Union Mystifies Me

Union Mystifies Me

After all this time I am still mystified about union. There are many clues that our experience is not unique, e.g. “shall be joined unto his wife, and they two shall be one flesh“, but the modern world-view has no room for a consciousness that transcends my individual body.

A big clue is that when either of us talk about the experience of union, the other says “yes, yes, yes.”  The agreement that we have on its nature is uncanny; we are not two blind people feeling an elephant. This happens consistently, yet still confounds me. Pardon my struggles to accept my own experience. “Who you gonna believe, me or your own eyes?” Chico Marx, “Duck Soup”

Tell your friends!

2 Comments on “Union Mystifies Me

  1. I must say, Phil, that reading through this kinda confused even me as to what you’re actually refering to.

    When you say union, is this sexual, relationship or spiritual based? Or maybe even something else.

    Huh? 🙂

  2. Hi Martin,

    I’m mainly referring to sexual, where I have the simultaneous experience of myself and a conjoined self. It is facilitated by sex, but transcends it; I think of sex like a step-ladder that allows us to reach this place.

    After repeatedly seeing it here, I am able to glimpse it in other situations like doing a crossword together, or jointly playing Mahjong. It brings up questions about self and identity.
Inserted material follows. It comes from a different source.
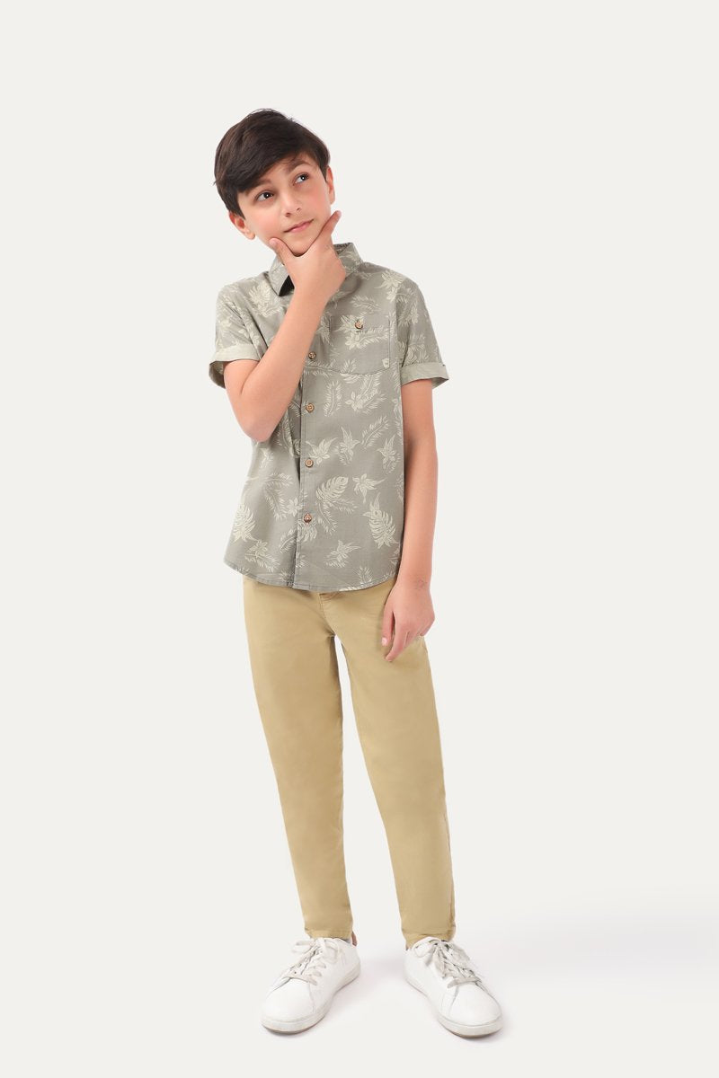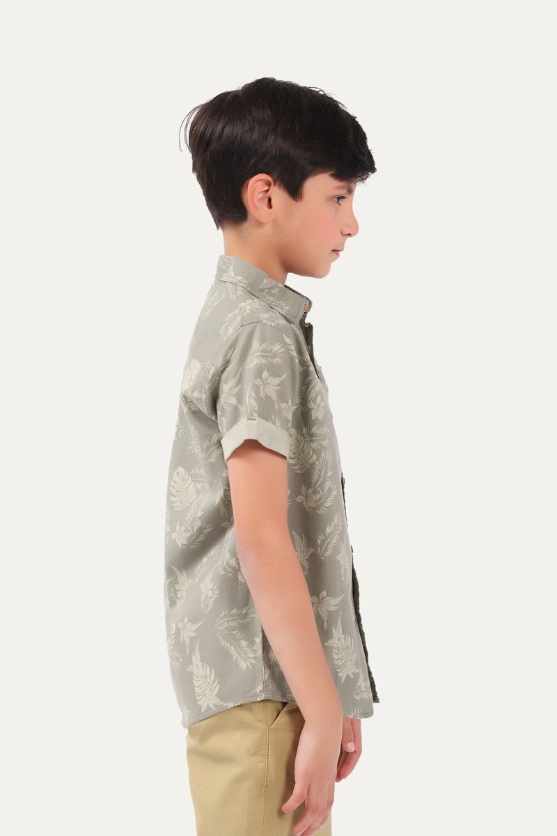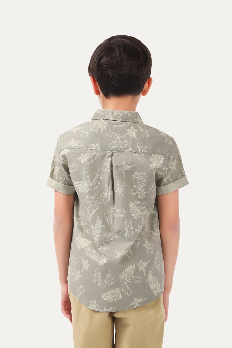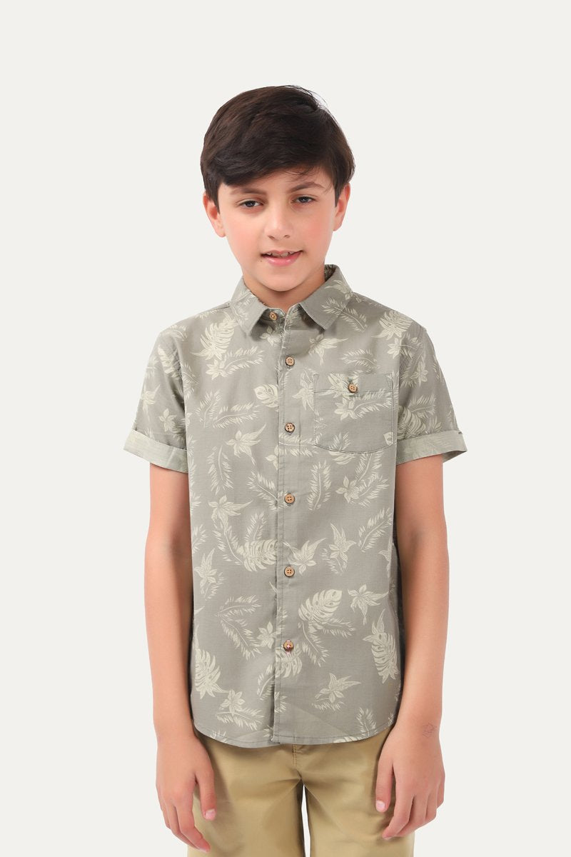 Classic collar shirt with tropical design, wooden button down front, chest pocket and half sleeves with folded cuffs

Although we normally identify with our body, we also identify as British, male, human, a member of a football team, etc., and under certain circumstances, our ego yields and our identity becomes that of the group.

    Yet our identification with the body is so strong that we do not usually notice this transference of consciousness, and when we do, our culture has no words for it and no place in its model of the world for it, so it is dismissed.

    In “Janus”, Arthur Koestler writes that just as cells are part of the human body, people are parts of a larger whole. Science has done poorly at locating the source of consciousness within the human body, and I think that if we are open to the possibility, we can sometimes transcend ourselves.

    We have found sex to be a gateway, but the questions it raises go beyond that to ones about the nature of self and spirit.